Akcje małych amerykańskich spółek mają obecnie wobec dużych firm jedno z największych dyskont od czasu bańki internetowej sprzed ponad 20 lat – wynika z danych FactSet. Indeks S&P 600, grupujący spółki z USA o małej kapitalizacji, ma współczynnik C/Z wynoszący 14,5 (licząc w odniesieniu do zysków prognozowanych na 2022 r.), podczas gdy dla indeksu S&P 500 ten wskaźnik wynosi 21,3. Oba indeksy podobnie mocno urosły w tym roku. S&P 500 zyskał od początku stycznia blisko 26 proc., a S&P 600 prawie 25 proc.
Znacząca przepaść między wycenami spółek z obu indeksów sprawia, że część analityków widzi potencjał wzrostu akcji małych amerykańskich spółek.
„Pomimo naszej prognozy na 2022 r. mówiącej o »płaskim« roku dla indeksu S&P 500, jesteśmy wciąż nastawieni »byczo« wobec niektórych nisz rynkowych, w tym wobec spółek o małej kapitalizacji" – piszą analitycy Bank of America.
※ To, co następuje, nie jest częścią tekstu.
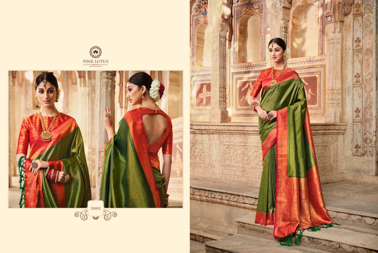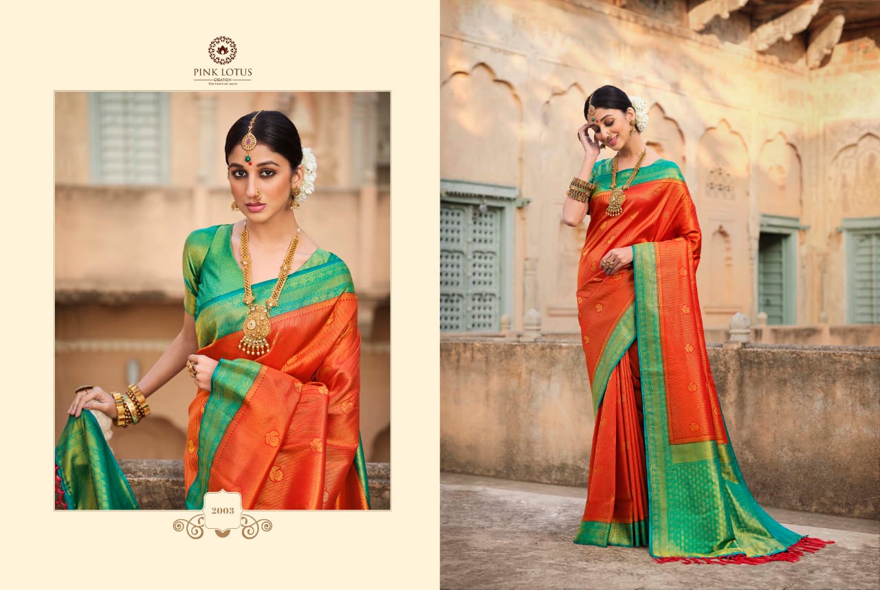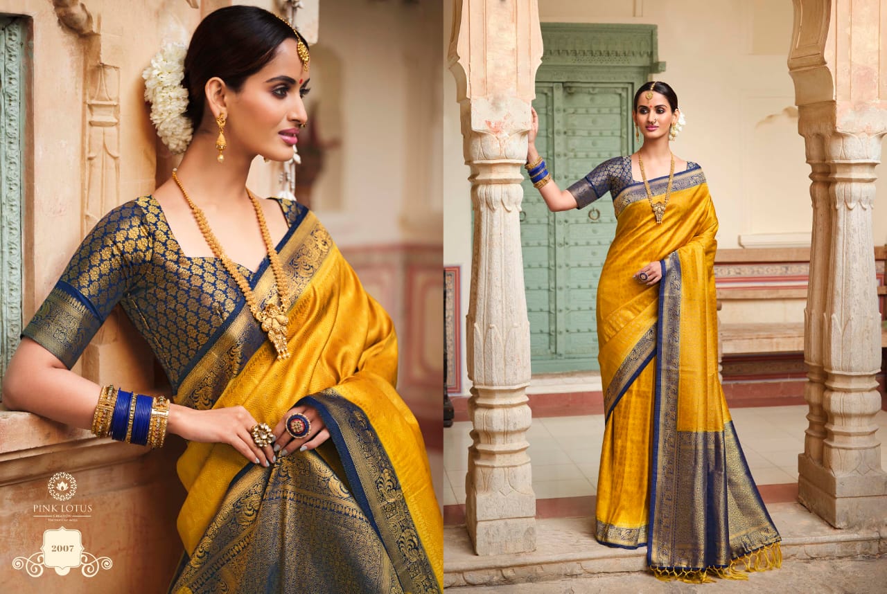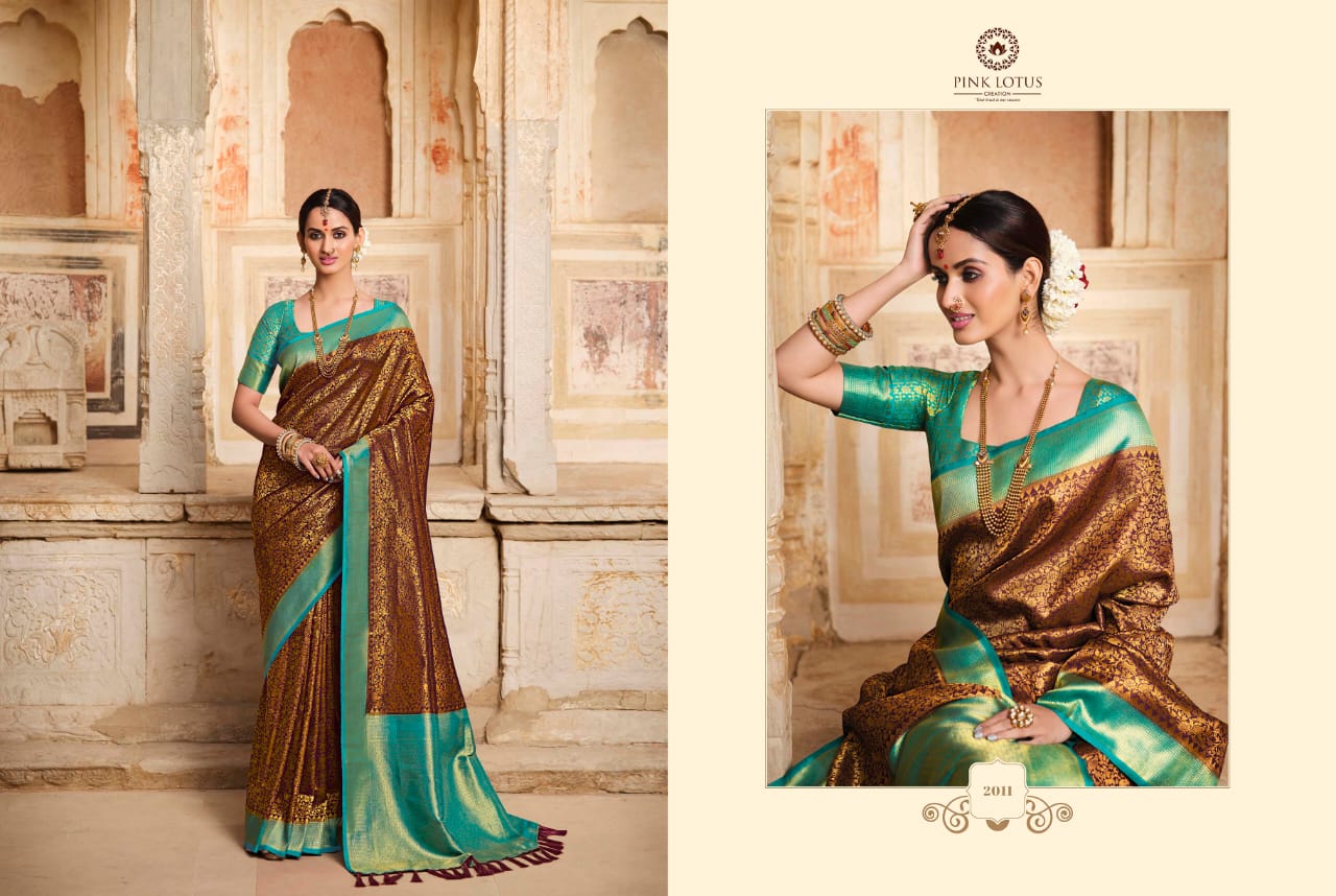 Sunheri Silk New Kanjivaram Silk Saree By Pink Lotus Single And Set Stockiest And Supplier From Surat

– Spółki o małej kapitalizacji są bardziej krajowe, mocniej powiązane z ożywieniem w wydatkach na usługi, są większymi beneficjentami wydatków kapitałowych oraz przenoszenia produkcji do kraju, a także są niedrogie w porównaniu z dużymi spółkami. O ile wciąż daje o sobie znać zagrożenie pandemiczne, o tyle wierzymy, że gospodarka jest silna. Obecne środowisko powinno wspierać zyski małych i średnich spółek, które mają dużą ekspozycję na rynek krajowy i bardziej lokalne łańcuchy dostaw – uważa Mark Sherlock, szef działu akcji amerykańskich w Federated Hermes.
– Firmy o niskiej kapitalizacji oraz spółki wartościowe powinny nadal zyskiwać w 2022 r. Dane historyczne wskazują, że nawet jeśli w poprzednim roku takie spółki zyskiwały bardziej od firm dużych i wzrostowych, to kolejnych 12 miesięcy zwykle bywało też dla nich dobre – uważa Gerard O'Reilly, prezes funduszu Dimensional Fund Advisors.